* [What you have to do] In the entries below, find the line containing "4K対応 ディスプレイ付き バッテリー内蔵 最長6カ月撮影可能 IP54防水ケース付き" and the line containing "Камера фокусируется на". Copy those two lines and everything between them exactly, without the pictures.

* [Given records]
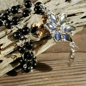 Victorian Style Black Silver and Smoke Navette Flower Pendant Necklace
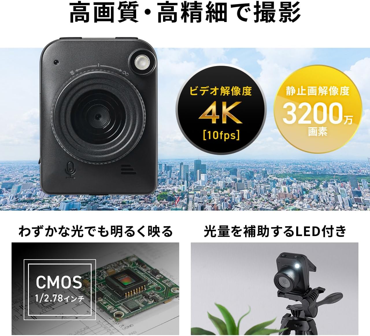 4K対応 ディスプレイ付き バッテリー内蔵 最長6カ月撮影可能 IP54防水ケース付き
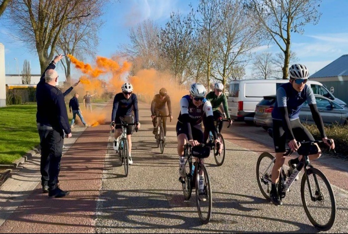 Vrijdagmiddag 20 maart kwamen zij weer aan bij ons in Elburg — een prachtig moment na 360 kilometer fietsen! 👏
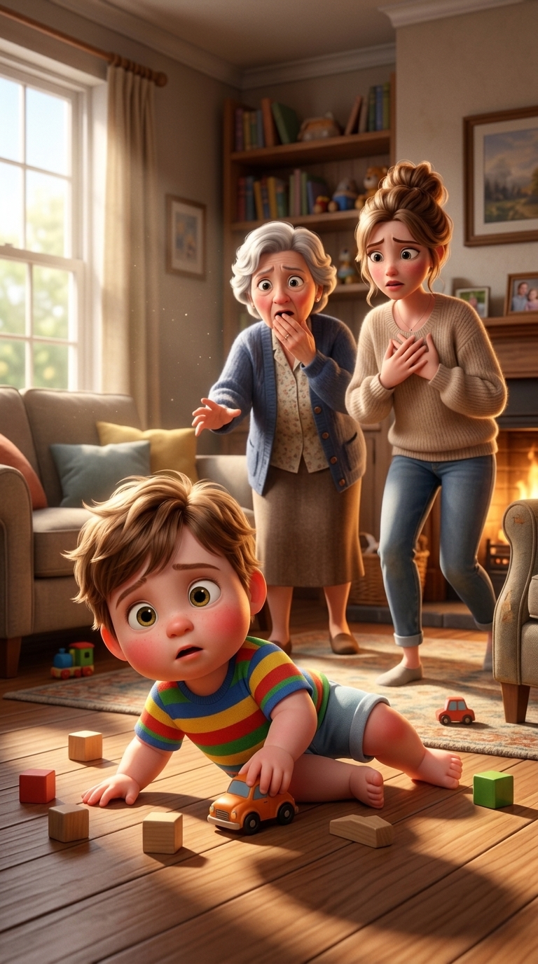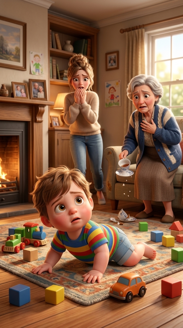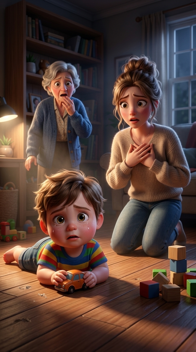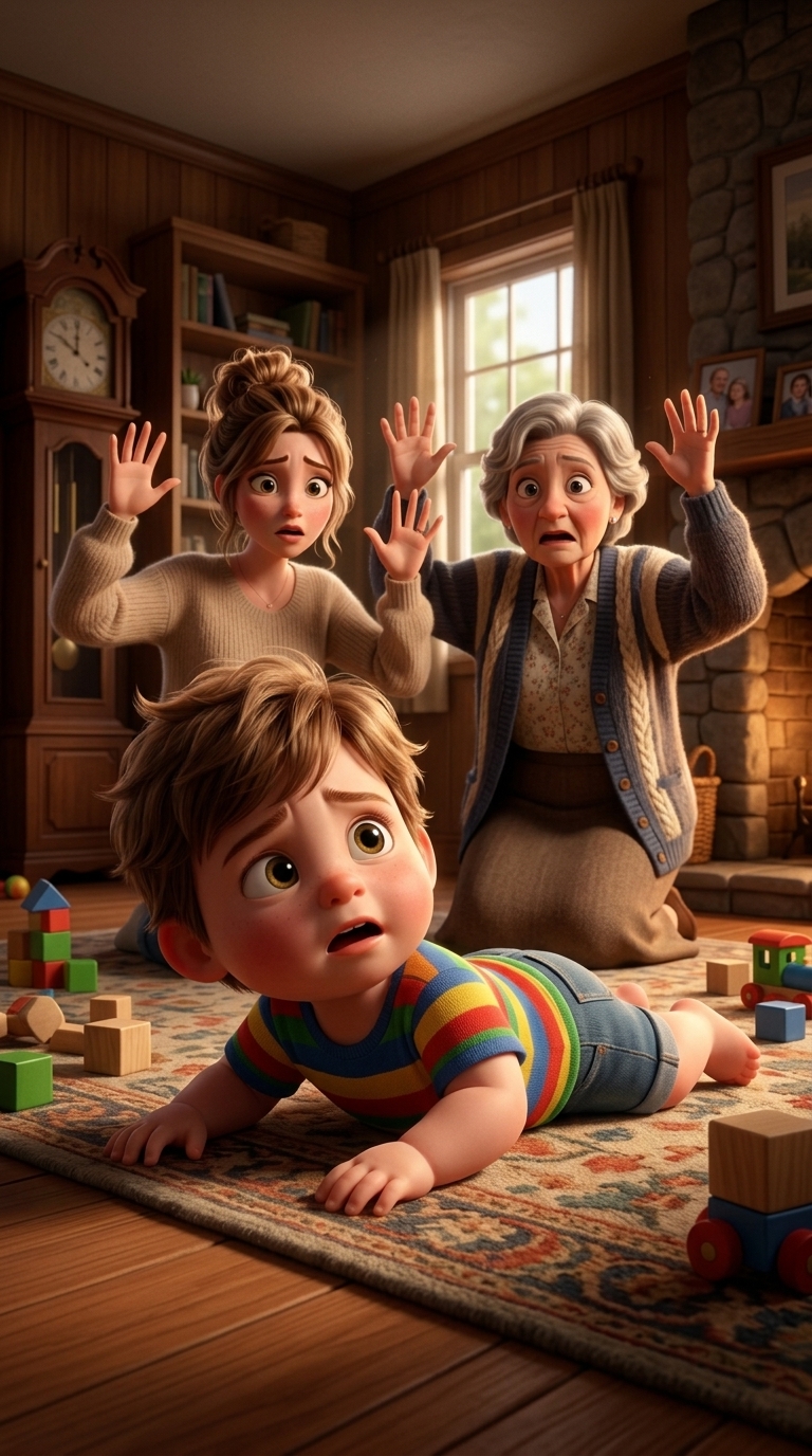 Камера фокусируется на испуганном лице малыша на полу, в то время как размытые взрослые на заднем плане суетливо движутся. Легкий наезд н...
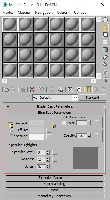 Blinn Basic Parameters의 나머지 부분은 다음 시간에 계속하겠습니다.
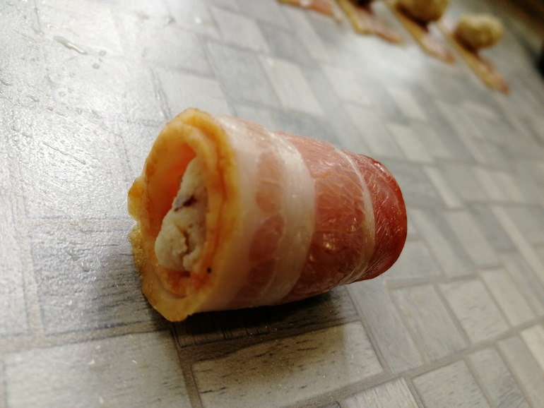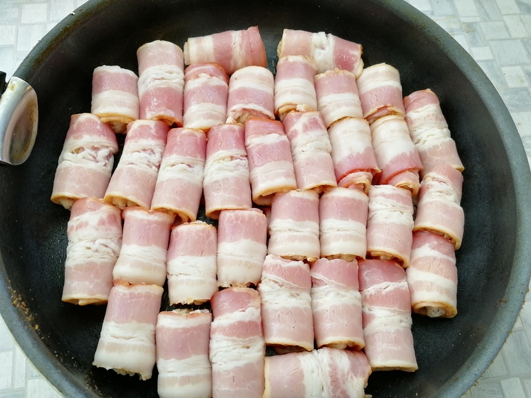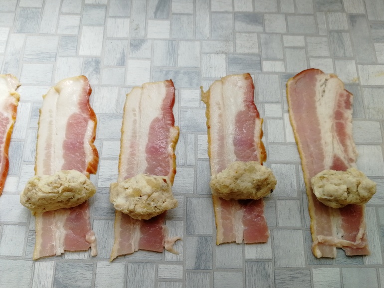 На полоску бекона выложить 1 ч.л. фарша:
* * *
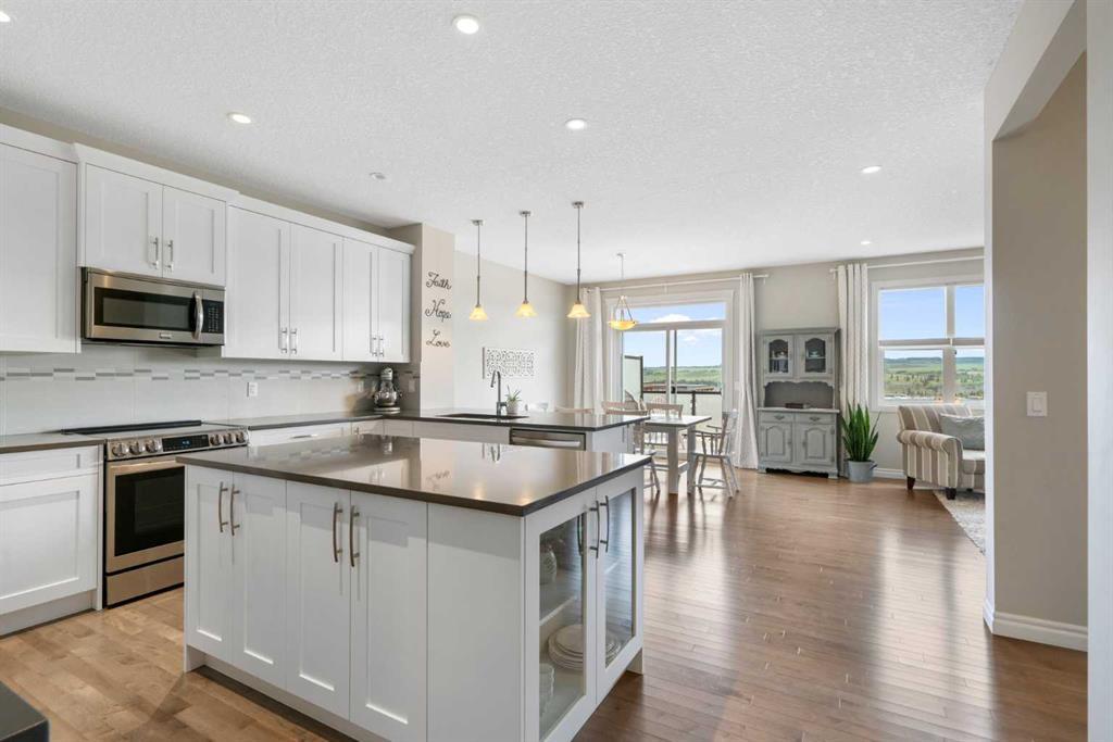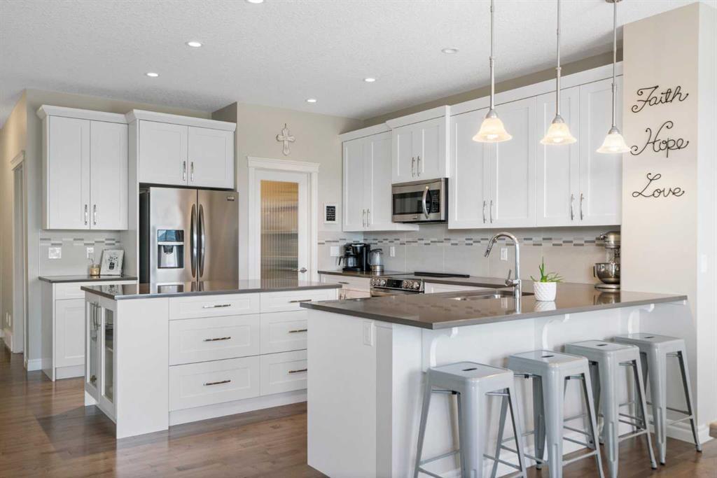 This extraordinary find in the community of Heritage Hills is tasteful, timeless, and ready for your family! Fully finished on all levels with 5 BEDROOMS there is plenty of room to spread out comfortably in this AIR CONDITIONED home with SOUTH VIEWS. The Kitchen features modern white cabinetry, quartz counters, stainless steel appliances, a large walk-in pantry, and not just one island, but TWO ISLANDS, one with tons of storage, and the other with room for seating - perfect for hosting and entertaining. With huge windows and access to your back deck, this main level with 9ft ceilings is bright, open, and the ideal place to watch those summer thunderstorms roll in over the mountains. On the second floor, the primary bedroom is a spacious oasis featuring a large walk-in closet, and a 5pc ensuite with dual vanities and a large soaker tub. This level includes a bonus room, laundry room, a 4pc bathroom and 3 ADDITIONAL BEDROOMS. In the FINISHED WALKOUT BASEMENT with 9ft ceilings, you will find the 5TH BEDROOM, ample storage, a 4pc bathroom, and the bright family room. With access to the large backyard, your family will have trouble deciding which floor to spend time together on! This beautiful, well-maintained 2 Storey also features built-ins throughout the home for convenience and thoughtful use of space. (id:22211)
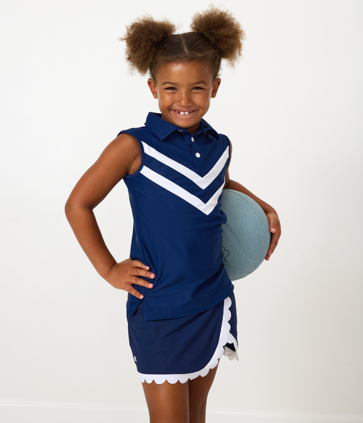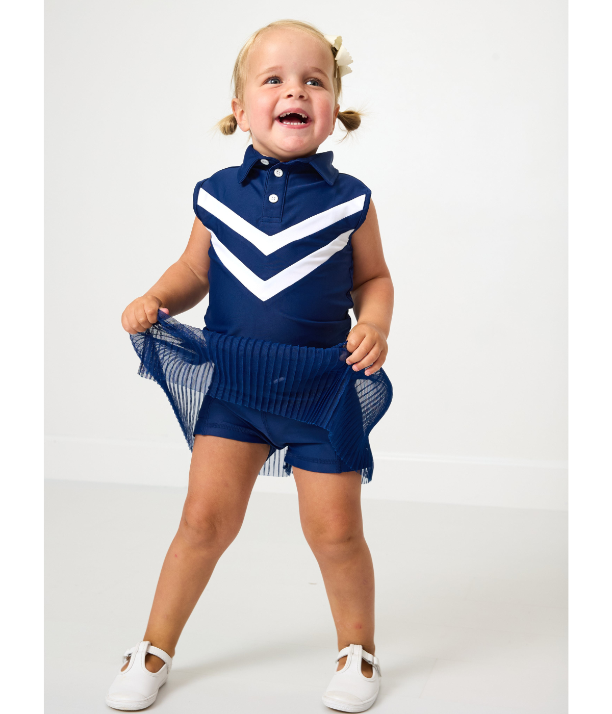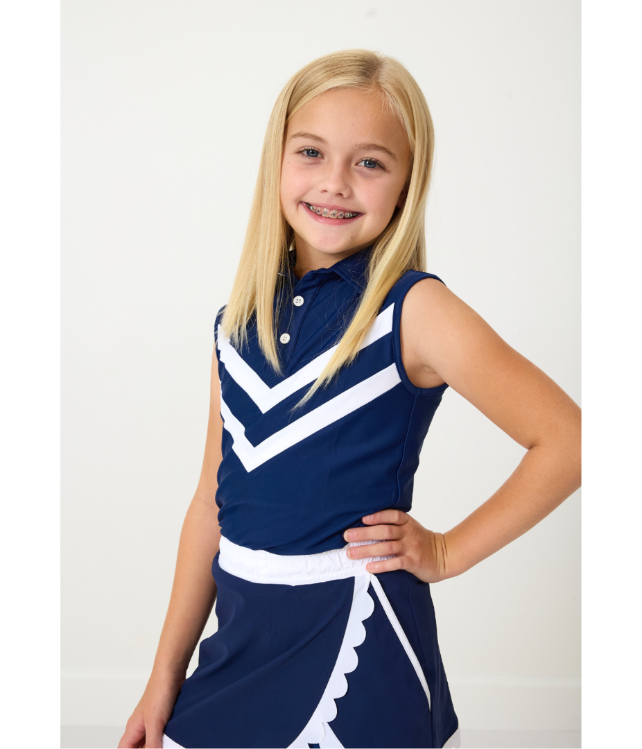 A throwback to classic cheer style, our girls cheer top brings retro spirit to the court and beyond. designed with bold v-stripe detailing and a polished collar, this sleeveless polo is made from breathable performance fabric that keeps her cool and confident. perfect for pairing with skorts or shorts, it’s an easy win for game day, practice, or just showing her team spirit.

* [Expected output]
 4K対応 ディスプレイ付き バッテリー内蔵 最長6カ月撮影可能 IP54防水ケース付き
 Vrijdagmiddag 20 maart kwamen zij weer aan bij ons in Elburg — een prachtig moment na 360 kilometer fietsen! 👏
 Камера фокусируется на испуганном лице малыша на полу, в то время как размытые взрослые на заднем плане суетливо движутся. Легкий наезд н...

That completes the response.